Medicine Ball Magic

by Dan Bettcher, MS on Mar 01, 2013


Add variation and vector to your core exercises.

Do you want to revitalize the core sections of your classes? Training the core is fundamental to any program. Why not add new “twists” using fundamental, but often underused, equipment?

Medicine balls have been around for years and are a staple in boxing and sports performance communities, as well as many fitness facilities. If you’re struggling to find new ways to incorporate medicine balls into your group classes (besides Russian twists), check out these variations.


This rotational core strength exercise works well as part of a warm-up. The exercise requires stability in the shoulder region and movement under a light load. It actively stretches the hamstrings and gets the entire body fired up.

The windmill is traditionally performed with a kettlebell or dumbbell; however, using a medicine ball adds a dimension of concentration and balance.

  • Stand tall with feet about hip width apart, balancing the medicine ball in your right (R) hand above your head. Lock your R elbow and “pack” or stabilize the shoulder.
  • Turn your feet slightly to the left (L); keep your legs straight. Stick your hip out and back toward the R while tracking your L hand down the inside of your L leg toward the floor.
  • Maintain the medicine ball above your head, extending your R arm toward the ceiling throughout the movement.
  • Once you’ve touched the floor or reached as far down as you can with your L hand, use your core to stand tall in the start position.
Rotational Crunch

Use this exercise during the strength portion of class. The move is slow and controlled and uses the entire abdominal musculature.

  • Start in a seated position with the medicine ball in your hands; keep the legs straight.
  • Moving in a counterclockwise circular motion, slowly lower your torso backwards until your shoulder blades are just above the ground, and then sweep across the floor toward the R.
  • Raise your torso back up into the seated position to complete the full circular motion.
  • Repeat in the opposite direction.

The medicine ball provides both weighted resistance and counterbalance when you extend your arms. Keep the spine neutral and avoid excessive lumbar flexion.

Ball Slam

This is an excellent conditioning finisher. The ball slam is a dynamic and explosive exercise and must be performed with a special type of medicine ball that does not bounce (e.g., a gel-filled ball). Be forewarned that using a regular medicine ball that bounces may result in injury.

  • Stand with the ball in both hands, raise it above your head and throw it hard toward the ground just in front of your feet. Let go of the ball as it passes your waist.
  • Follow the ball’s momentum toward the ground by bending at your hips and knees.
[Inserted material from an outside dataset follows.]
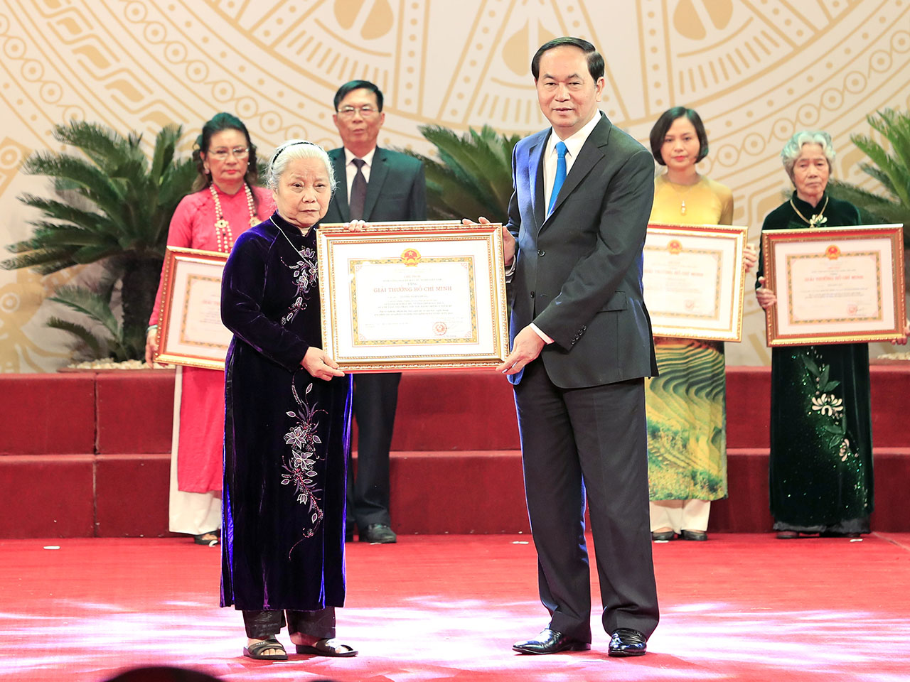 | Chủ tịch nước Trần Đại Quang trao Giải thưởng Hồ Chí Minh cho đại diện gia đình liệt sĩ, nhà báo Lương Nghĩa Dũng - nguyên phóng viên TTTXVN trong thời kỳ kháng chiến chống Mỹ cứu nước, tháng 5/2017 |

Pick up the ball as quickly as possible, keeping your heels grounded and maintaining a neutral spine.
  • Stand back up and take the ball overhead, with your torso fully extended.
  • Continue, repeating the exercise as quickly as possible for a set number of reps or a set time.

Don’t allow the ball to “fall” passively to the ground. Common mistakes are to use only the arms to throw the ball down, and then to bend down to pick it up. Use the entire body to throw and retrieve it. Each step in this exercise is active, quick and forceful. When done properly, the ball slam will increase your heart rate and develop abdominal power.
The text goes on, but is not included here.